That ability to remove the bottleneck from web app building, combined with the track record of the founders, are two of the reasons that Accel decided to invest before the product even launched.

“We believe in dashdash’s mission to democratise app creation and are excited to back Humberto and Torben at such an early stage in their journey,” said Andrei Brasoveanu, the Accel principal who led the deal. “The team has the experience and vision to build a high-impact company that brings computing to the fingertips of a broad audience. Over the past decade we’ve seen a proliferation of web services and APIs, but regular business users still need to rely on central IT and colleagues with development skills to leverage these in their day-to-day processes. With dashdash anyone will be able to access these powerful web services directly with minimal effort, empowering them to automate their day to day tasks and work more effectively.”

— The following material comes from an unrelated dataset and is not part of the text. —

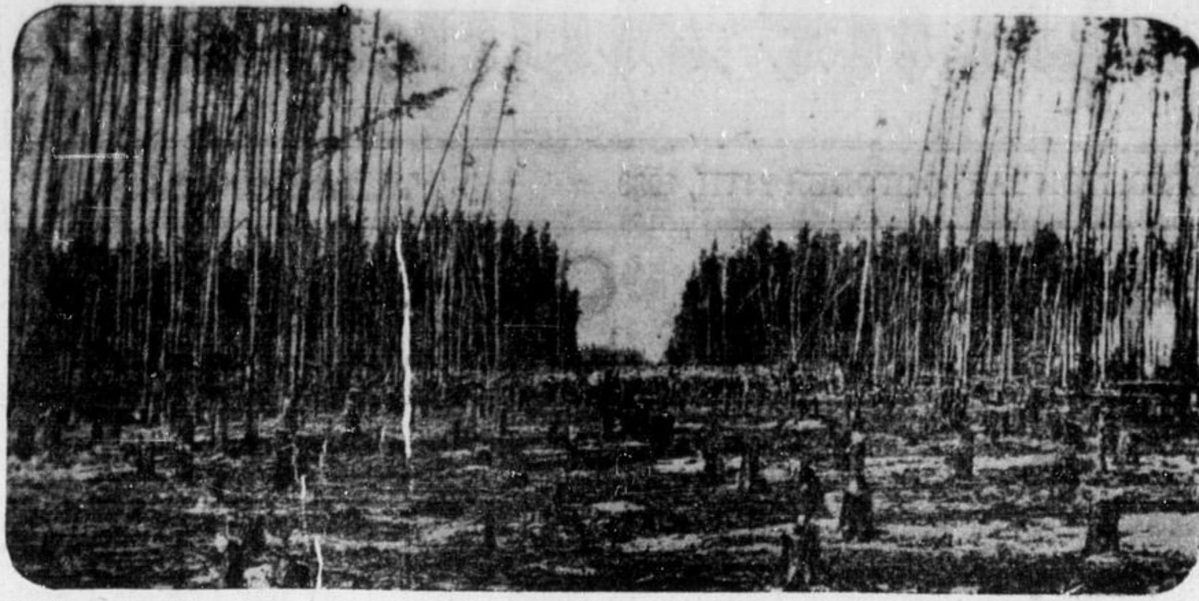
This is a scene taken 27 years ago where the city of Timmins now stands—and moves onward day by day. Contrasting the modern city of to-day with this partial clearing in the bush, Timmins may well use the boys' phrase, "You ought to see me now."

With every tool that emerges that frees up accessibility to more people — be they employees or consumers — there are inevitably questions about how that power will be used. In the case of dashdash, my first thought is about those who I know who work in IT: they generally don’t want anyone able to modify or “fix” their code, lest it just creates more problems. And that’s before you start wondering about how all these democratised web apps will look, and if they might inadvertently will add to more overall UI and UX confusion.

Ayres Pereira said dashdash is mindful of the design question, and will introduce ways of helping to direct this, for example for companies to implement their own house styles. And similarly, a business can put in place other controls to help channel how web apps created through dashdash’s spreadsheet interface ultimately get applied.